In Exercise Body Temperature Control you learned how to raise or lower your body temperature.
In this exercise, you will learn how to determine temperatures.
In the James Bond movie, "You Only Live Twice," Bond sipped a glass of saki and determined it was correctly heated to the proper temperature of 98.4°F.
As an exercise, heat a cup of tea or coffee and put a floating thermometer in it.
After a few minutes and while looking at the immersed thermometer's temperature, taste the drink and determine for yourself what that temperature feels like.
Two minutes later, do the same thing, each time keeping the thermometer in the cup and acknowledging to yourself what the temperature feels like in the mouth.

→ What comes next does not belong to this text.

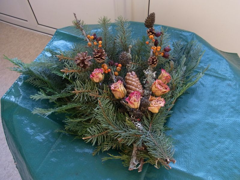 Ich stecke in Blumensteckschaum in einen 12er Tonblumentopf, ausgekleidet mit einem Stück Folie weil der ja unten ein Loch hat. Als Untergesteck dient alles was immergrün ist, vornehmlich Nordmanntanne, Kirschlorbeer und Eibe.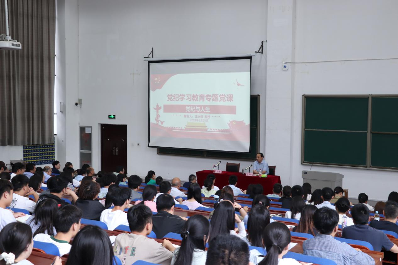 为切实增强党员对党规党纪的深刻理解,推动党纪学习教育深入有效开展,5月29日下午,副校长王永恒在九号楼国学大讲堂为联系学院党员师生讲授党纪学习教育专题党课,人文政法学院、理学院的党员师生共200余人参加了专题党课。专题党课由人文政法学院党委书记张莉主持。

Do this for several days, and then determine what the temperature is without looking first at the thermometer.
How did you do?
Now heat some water and pour it into a cup.
With your fingers, test the water's temperature over a span of several minutes and check each time with a thermometer.
Are you improving?
Next, carry a thermometer with you during the day and by using your tactile awareness, determine what the temperature is at odd points during the day.
Using a barometer, determine the air pressure in the same way.
Indians and old woodsmen sometimes perceive these subtle differences and determine stormy weather ahead of time.
One researcher claims that 30% of the general population is notably weather- sensitive in some way.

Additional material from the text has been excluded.